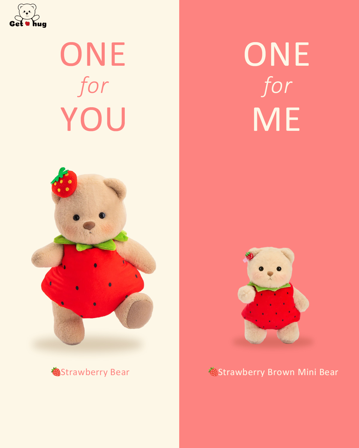 🍓 Love Strawberry Bear & Bunny Brown Mini Bear
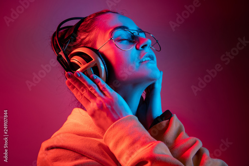 Fashion pretty woman with headphones listening to music over red neon background at studio.
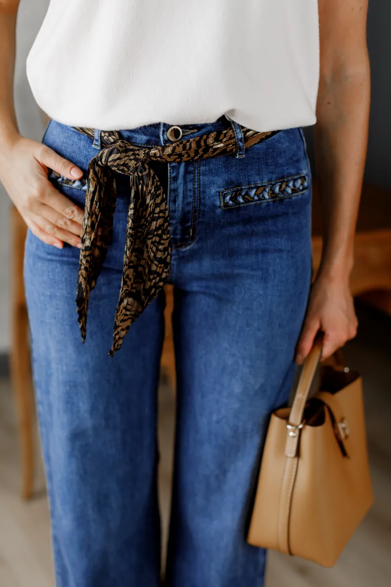 Жіночі джинси з тасьмою на кишенях
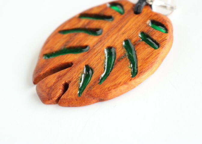 葉の緑色の部分は、レジンを流し込み色を付けております。
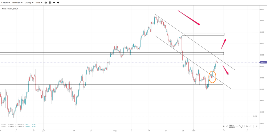 Wall Street tumbled outside the bearish channel in what seems to be an accelerated leg towards 29000. If support weakens there, 28000 is next, as round level. In case of a break above the 138.2 of 34300-31000 near 29730, bulls will eye 30500 above the 30000 handle, with a high at 31000.
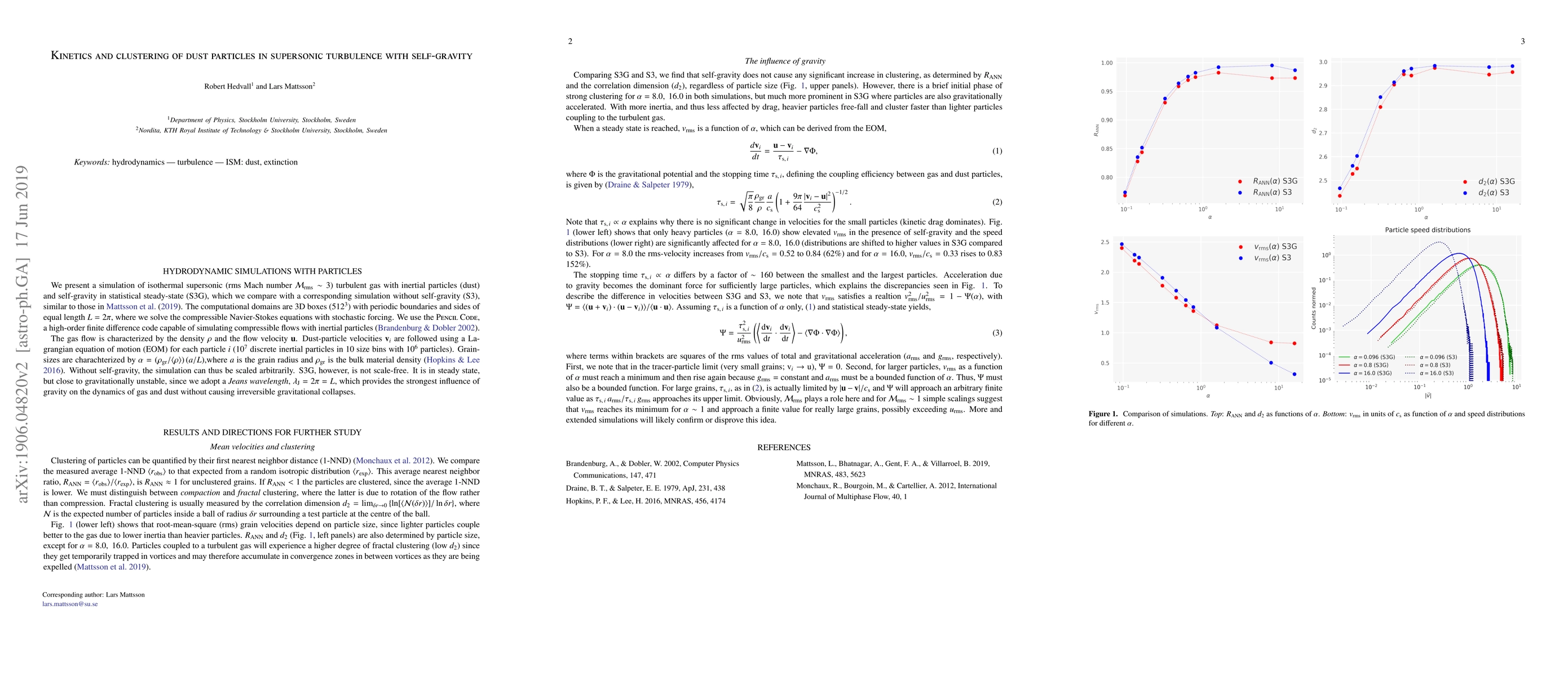 We present a simulation of isothermal supersonic (rms Mach number $\mathcal{M}_{\rm rms} \sim 3$) turbulent gas with inertial particles (dust) and self-gravity in statistical steady-state, which we compare with a corresponding simulation without self-gravity. The former is in steady state, but close to gravitationally unstable, since we match the scale of the simulation box with Jeans wavelength, which provides the strongest influence of gravity on the dynamics of gas and dust without causing irreversible gravitational collapses. We find that self-gravity does not cause any significant increase in clustering of particles, regardless of particle size, but heavy particles show elevated mean velocities in the presence of self-gravity. The speed distributions are significantly shifted to higher values compared to simulations without self-gravity, but maintains the same shape.

_ _ _ _ _ _ _

TASK BRIEF
Give again, word for word, the lines above from the one with "葉の緑色の部分は、レジンを流し込み色を付けております。" through the final line of the data, both ends included. Do not copy any picture.

OUTPUT OF THE EXERCISE
 葉の緑色の部分は、レジンを流し込み色を付けております。
 Wall Street tumbled outside the bearish channel in what seems to be an accelerated leg towards 29000. If support weakens there, 28000 is next, as round level. In case of a break above the 138.2 of 34300-31000 near 29730, bulls will eye 30500 above the 30000 handle, with a high at 31000.
 We present a simulation of isothermal supersonic (rms Mach number $\mathcal{M}_{\rm rms} \sim 3$) turbulent gas with inertial particles (dust) and self-gravity in statistical steady-state, which we compare with a corresponding simulation without self-gravity. The former is in steady state, but close to gravitationally unstable, since we match the scale of the simulation box with Jeans wavelength, which provides the strongest influence of gravity on the dynamics of gas and dust without causing irreversible gravitational collapses. We find that self-gravity does not cause any significant increase in clustering of particles, regardless of particle size, but heavy particles show elevated mean velocities in the presence of self-gravity. The speed distributions are significantly shifted to higher values compared to simulations without self-gravity, but maintains the same shape.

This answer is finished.